13.7.2023
Mariia Snihyr
Table of contents
- Introduction
- Pandays 2.0 and beyond
- Large Scale Feature Engineering and Data Science mit Python & Snowflake
- An opinionated introduction to Polars
- Common issues with Time Series data and how to solve them
- WALD: A Modern & Sustainable Analytics Stack
- Towards Learned Database Systems
- Rusty Python: A Case Study
- The search for meaningful test data
- Creating Synthetic Data for Open Access
- Most of you don’t need Spark. Large-scale data management on a budget with Python
- Apache Arrow: connecting and accelerating dataframe libraries across the PyData ecosystem
- Postmodern Architecture – The Python Powered Modern Data Stack
I am Mariia, a Data Engineer in the Data Product team at FELD M. In April 2023, my colleague and I visited Berlin to attend the famous PyCon – the largest European convention for the discussion and promotion of the Python programming language.

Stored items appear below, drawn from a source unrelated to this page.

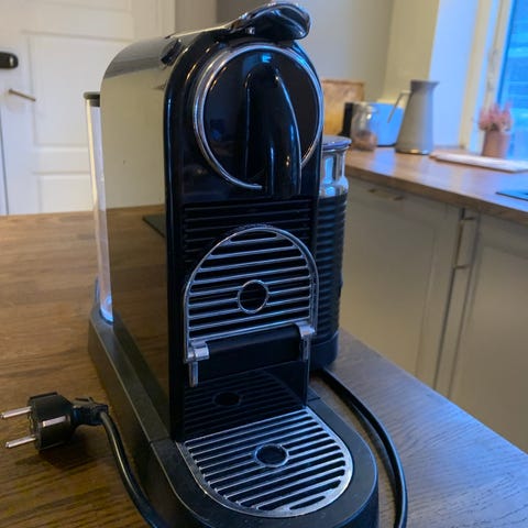 Nespresso CitiZ kaffemaskine i hvid farve. Kompakt design med integreret drypbakke og vandtank. Velegnet til brygning af espresso og andre kaffedrikke. Strømforsyning via kabel.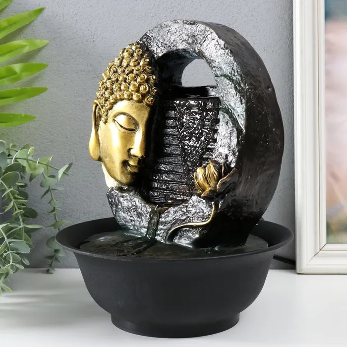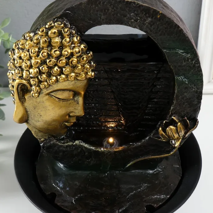 Фонтан настольный от сети, подсветка "Золотая голова Будды и лотос" 21,3х16,8х27 см — Характеристики
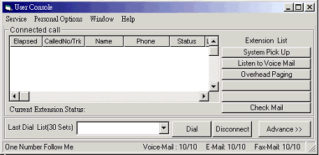 TelePCX 提供屏幕電話使用界面(User Console),提供每一個分機(jī)使用者一個GUI的計(jì)算機(jī)操控畫面,無論電話進(jìn)線時的聲響提示,Caller ID實(shí)時顯示以及完整的電話控制,從應(yīng)答,撥號,轉(zhuǎn)接乃至各種復(fù)雜的功能設(shè)置如:電話會議(多方通話)、多線電話跳接、通話中聯(lián)機(jī)實(shí)時錄音……等,均可經(jīng)由點(diǎn)按鼠標(biāo),由計(jì)算機(jī)上的畫面做實(shí)時的控制,不必記憶復(fù)雜的操作步驟或查詢使用手冊,方便簡易。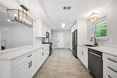 Step into this spacious property & unpack. Renovated in 2021 this beautiful 3 bedroom, 2 bath home features an open, airy floorplan. Custom kitchen cabinets, quartz countertops, SS kitchen appliances, gas stove, huge breakfast bar, washer & dryer, recessed lighting, wood vinyl plank, and tile flooring throughout. NO CARPET. Screened in back porch and large covered concrete patio for all your entertainment needs. Huge backyard with separate fenced in area excellent for securing pets. Plenty of storage throughout. Easy access to park and community pool.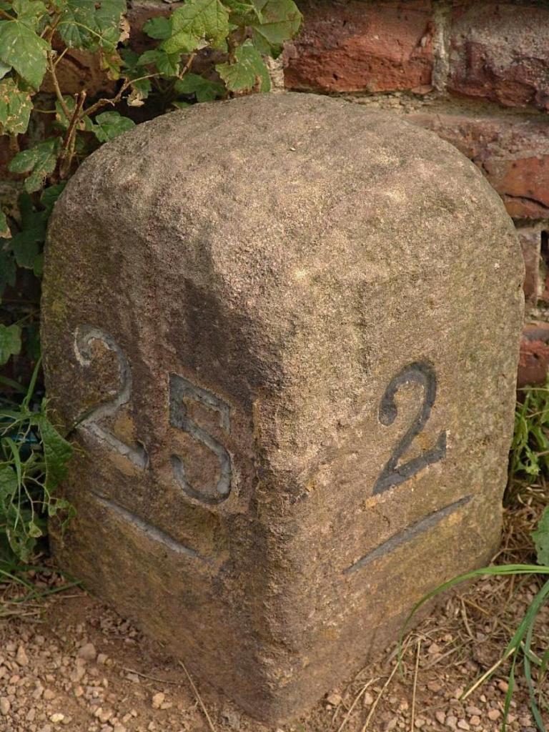 Original milestone near Swan Lane. The 25 miles denotes the distance to Fazeley Junction. One of the better examples of the various milestones along the canal.

Every year it gathers Python users and enthusiasts from all over the world and gives them a platform to share information about new developments, exchange knowledge, and learn best practices from each other.
In 2023, PyCon Berlin was merged with PyData, a forum for users and developers of data analysis tools. It lasted for three days and included so many presentations that it would take a team of at least seven people to attend all of them.
Fortunately, the sessions were recorded, and now, after some months, they are available for everyone. You will find a link to the YouTube playlist of PyCon Berlin 2023 talks at the end of this article.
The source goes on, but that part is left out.